Senin, 22 Desember 2014

Wayang Kulit Yesus Jadi Tren Natal Tahun Ini


Trias Indra Setiawan, warga Bantul, perajin wayang kulit yang membuat wayang edisi khusus Natal, yakni wayang kulit Yesus Kristus.

Bantul - WARA - Seorang perajin wayang kulit di Kabupaten Bantul, Daerah Istimewa Yogyakarta, memiliki cara unik untuk menyambut hari raya Natal. Dia berinovasi dengan membuat wayang kulit dengan tokoh Yesus dan dikombinasikan dengan karakter wayang Jawa.

Si perajin, Trias Indra Setiawan, tak hanya membuat satu karakter Yesus, melainkan beberapa karakter, di antaranya karakter Yesus disalib dan Yesus saat masih bayi.
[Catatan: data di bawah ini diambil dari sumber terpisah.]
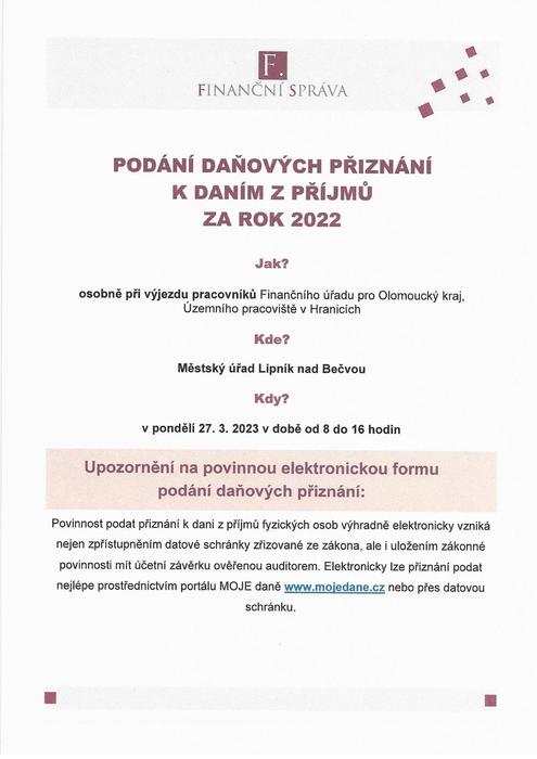 V pondělí 27. 3. 2023 v době od 8 do 16 hodin budou pracovníci Finančního úřadu pro Olomoucký kraj, Územní pracoviště v Hranicích, v prostorech Městského úřadu města Lipník nad Bečvou vybírat daňová přiznání k daním z příjmů za rok 2022 a další podání a poskytovat konzultaci občanů se správcem daně.

Dia juga membuat gunungan (wayang berbentuk gambar gunung beserta isinya yang dipakai sebagai tanda akan bergantinya lakon/tahapan cerita) bergambar salib, malaikat serta alam semesta.

Wayang edisi khusus Natal itu, menurut Trias, dapat dimainkan untuk menghibur anak dengan cerita wayang kulit Natal kelahiran Yesus kristus.

Trias berkreasi dengan wayang kulit Natal itu setelah membaca sebuah buku tentang wayang Nasrani yang pernah dibuat Romo Timotius pada 1960. Wayang itu dahulu digunakan Romo Timotius ketika bercerita tentang kelahiran Yesus kepada umatnya. Trias mengembangkannya dengan bahan kulit domba, kulit sapi maupun kulit kerbau.

Dia mengatakan bahwa wayang Nasrani buatannya dikombinasikan antara wayang kulit khas Jawa dengan karakter Yesus. Pernak-pernik itu banyak dicari dan diminati menjelang Natal.

Wayang kulit Nasrani dan wayang kulit Yesus itu bisa juga untuk hiasan di rumah atau pun dimainkan seperti halnya wayang kulit pada umumnya. Namun dengan cerita seputar Natal atau kelahiran Yesus. Bahkan ada beberapa wayang kulit Yesus didesain sebagai hiasan gantungan di mobil.

Ika Lestari, seorang pembeli, mengaku senang dengan kreasi wayang kulit Yesus itu. Dia berniat menggunakannya sebagau kado pada hari Natal. Katanya, bentuknya unik dan belum ada di daerah lain sehingga terkesan ekslusif.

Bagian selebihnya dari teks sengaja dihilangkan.